Please read this Privacy Statement carefully before using our services. We may update this Privacy Statement from time to time, for example due to changes in our processing activities, services, legal requirements or business operations. Please review it periodically so that you remain informed of any changes and how they may affect you. Material changes will be communicated to account holders via email and through the Service. Continued use of the Service after changes take effect constitutes acknowledgment of the updated Privacy Statement. Where changes require your consent or another action under applicable law, Inderes will request such consent or action separately.

Controller and Contact Information

Controller:
Inderes Oyj
Business ID: 2277600-2
Porkkalankatu 5
00180 Helsinki
Finland

Contact person:
Janne Vainionpää
+358 40 511 7557
janne.vainionpaa@inderes.fi

Scope of This Privacy Statement

Inderes may process personal data in different roles depending on the context.

Inderes as Controller

Inderes acts as controller when we determine why and how personal data is processed. This includes, for example:

  • events, webinars, webcasts or other content organised, hosted or provided by Inderes for Inderes’ own purposes;
  • user accounts, audience profiles or other registered user services provided by Inderes;
  • audience database, investor/audience relationship management and audience intelligence services operated by Inderes;
  • communications, marketing, customer relationship management, service development and analytics carried out by Inderes for its own purposes;
  • legal compliance, security and protection of our rights.

When Inderes acts as controller, this Privacy Statement applies.

Inderes as Processor

Inderes acts as processor when we provide Videosync or related technical event services to a customer and process personal data on behalf of that customer. In such cases, the customer determines the purposes and means of processing personal data.
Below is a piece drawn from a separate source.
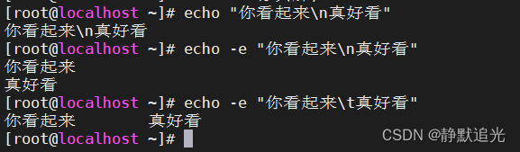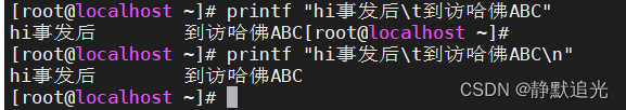 - printf命令自动识别\n,\t等特殊命令,并且在结尾处不会自动换行

This may apply, for example, when a company uses Videosync to organise an event for its own audience. In such cases, the relevant customer’s privacy statement applies to the processing of your personal data. Inderes processes personal data only in accordance with the customer’s documented instructions, the applicable data processing agreement and applicable data protection law.

If you have questions about processing carried out by a customer acting as controller, you should contact that customer directly.
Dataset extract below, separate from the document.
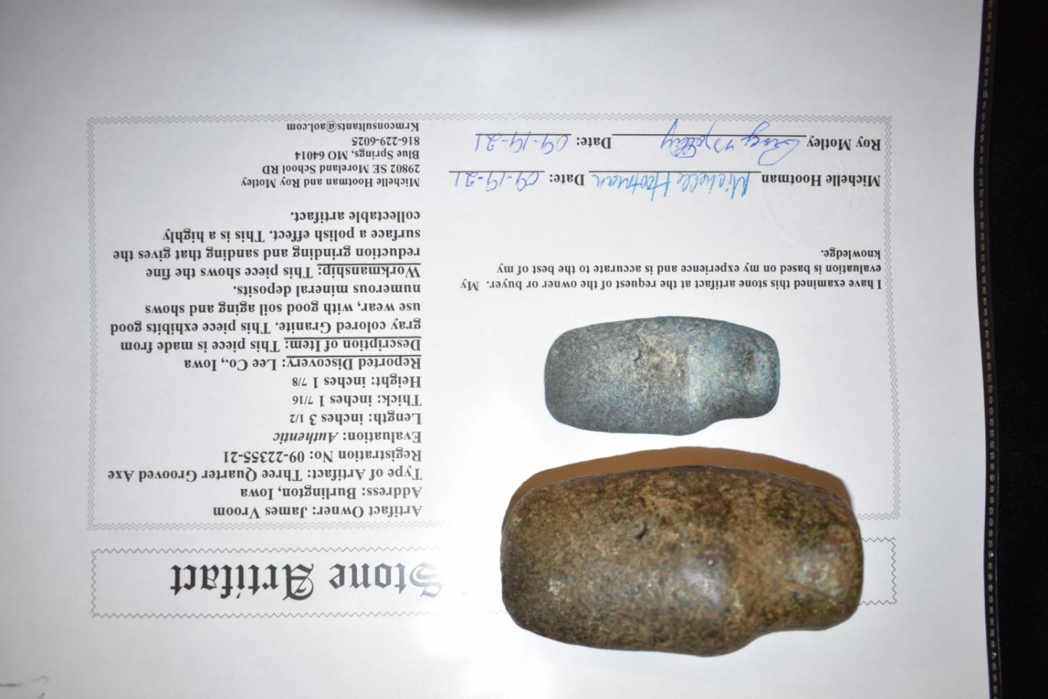3 1/2″ 3/4 Grooved Axe Motley COA found in Lee Co, Iowa.

Processing Scenarios Covered by This Privacy Statement

Where Inderes acts as controller, this Privacy Statement covers two main processing scenarios.

Scope A – Event Service

Processing of personal data when you register for, access, attend, view, listen to or otherwise participate in an individual events provided through Videosync. This scope applies to all event participants, including those who attend as a one-time guest without creating a Videosync account.

Scope B – Audience Database & Intelligence Platform

Processing of personal data when you create a Videosync account, and the additional processing activities that the account enables. This processing may involve maintaining a more persistent profile of your interactions with Inderes content and services over time, subject to applicable law and your choices.

Account creation is voluntary and is always a separate, informed choice. You can attend events as a one-time guests without creating an account.

Scope A applies to everyone who uses the Service. Scope B applies only to registered users who create a Videosync account. If you participate in an event as a one-time guest without creating an account, only Scope A applies to you.

Account Eligibility

Videosync accounts are intended for individuals acting in a professional capacity in the financial markets. This includes, but is not limited to, institutional investors, fund managers, equity analysts, portfolio managers, investor relations professionals, financial journalists, and other capital markets professionals.

By creating a Videosync account, you confirm that you are acting in a professional capacity and that the personal data you provide relates to your professional identity and activities.

Inderes reserves the right to verify account eligibility and to restrict or remove accounts that do not meet the professional use criteria.

Personal Data Inderes Collects

The personal data Inderes collects depends on the relevant service, your choices and whether you use the Service as a one-time guest or as a registered Videosync account user.

Scope A – Event Service

When you use the Service as a one-time guest, Inderes may collect the following categories of personal data.

Information you provide. This may include your name; email address; telephone number; company or organisation; job title; event registration details; questions, comments, chat messages, poll responses or feedback submitted during or after an event; and other information you provide when registering for or participating in an event.

Automatically collected information. When you use the Service, Inderes may collect technical and usage information, including: IP address; data related to video playback quality (playtime, buffering time, packet losses, play errors); log data; device, browser and operating system information; event access time and duration; viewing or listening activity; interaction data; and information necessary to maintain the service security and prevent misuse. Playtime data may be connected to the registration information you provided.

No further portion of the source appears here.